The staff below has been vetted as authentic.
Photographs © Hamill Gallery
OKO PRESTIGE STAFF 7
Forged iron, heavy-gauge flattened iron, wood, iron tacks
53 1/2" high x 2 1/2" wide x 2 1/2" deep
"Oko staffs were historically brought home by pilgrims who had visited the shrine of Oko, a diety in the extended Yoruba pantheon connected with the farm. When not in use, these staffs were protected by a beaded sheath that prevented the staff from touching the ground. The thick iron components were forged out of repurposed hoe blades, another nod to the significance of farming (Westerdijk, African Metal Implements, 1984).

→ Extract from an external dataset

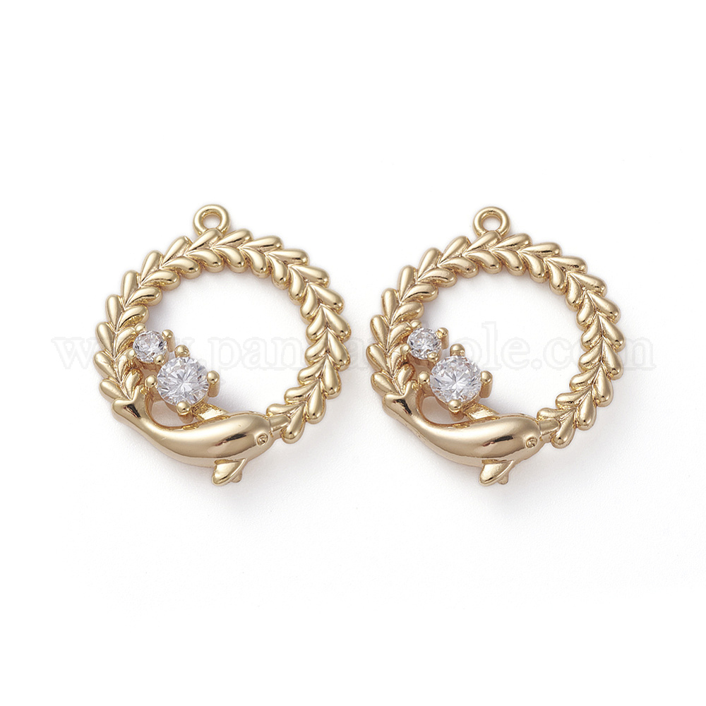 • Настоящее золото 18K Латунные микро проложить кубического циркония подвески, реальный 18 k позолоченный, кольцо с дельфином, прозрачные, 19x16x1 мм, отверстие : 1 мм

Fischer and Zirngibl provide a colorful narrative of this sword's meaning: 'In the western and northern sections of the Yoruba country, forged steel swords are used that resemble the massive two-handed swords of the Middle Ages. The tulle-covered hilts clearly show them to be unsuitable as weapons. They cannot be used for slashing or thrusting. Nevertheless, they symbolize the power of the sword and are kept in cloth scabbards embroidered with pearls... The scabbards totally enclose the swords... so that the entire sword remains hidden from the uninitiated (Afrikanische Waffen, 1978).'
Like most Oko staffs, this piece wears a cross in the central rectangle that signifies a crossroads, another meaning-laden symbol for the Yoruba (Ginzberg, African Forms, 2000)."